I knock on the door of his hotel room, quickly, lightly. I wait, my heart beating. He opens it, and smiles down at me, crinkling his blue eyes. I feel a familiar warmth low in my stomach, seeping down to between my thighs.
I'm reminded of the times we've walked past each other, how my heart beat just that much faster and my breathing quickened when I saw him. How many of those were chance encounters and how many were by design? By him? Or unconsciously by me?
I take a deep breath and walk in, aware of him close behind me. I'm wearing a tight, dark pink satin dress. I turn around to see him watching me intently.
"I've been in the shower," he says, gesturing to his robe. "Do you want a drink?" I've only ever seen him in a suit before, sharp and sleek.
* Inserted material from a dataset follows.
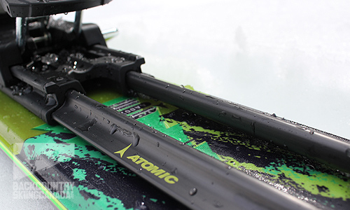 The entire lockdown system of the Atomic Tacker 16s is traditional in the sense that your boot goes in, the back lever pops up and it’s locked. To release the boot from the binding, you just press down on the back lever and pull your boot out. Where this binding differs from others, however, is how you access the touring mode. As mentioned above, there is a small plastic slide lever at the back of the binding that you press and push toward the rear of the ski with the end of your ski pole. This releases hooks underfoot and the binding has a full range of movement to allow you to skin up. (In fact, the toe hinge has a full 90-degree pivot for optimal climbing and kick-turn capability.) On most days this system works but, again, the first time I tried the Trackers the conditions was heavy and damp and I found I had to use the tip of my pole to scrape out the snow that had gotten packed into the metal clips. But, to be fair, on that particular day you’d probably find that with most backcountry binding systems.

I have a sudden vision of him scrubbing his back, soap running between his arse cheeks and down his thighs and I feel myself redden. Even though he knows exactly what I'm here for.
"Yes," I say. My throat is dry and it comes out as a stammer, uncertain. Not exactly how I intended. I look out the floor-to-ceiling windows, across the city. I can see my apartment from here, but I feel far away, a little disassociated.
He can see I'm nervous. He pours me a glass of wine and starts a light, conversational patter - what's been in the news, stories about mutual acquaintances. He glosses over certain topics adroitly. We haven't had a proper conversation before, not really, but he's funny and interesting tonight, expert at putting people at ease. I start to relax, to breathe more easily, especially after the wine kicks in. He reminds me of a horse trainer, whispering softly to his new acquisition to calm her down.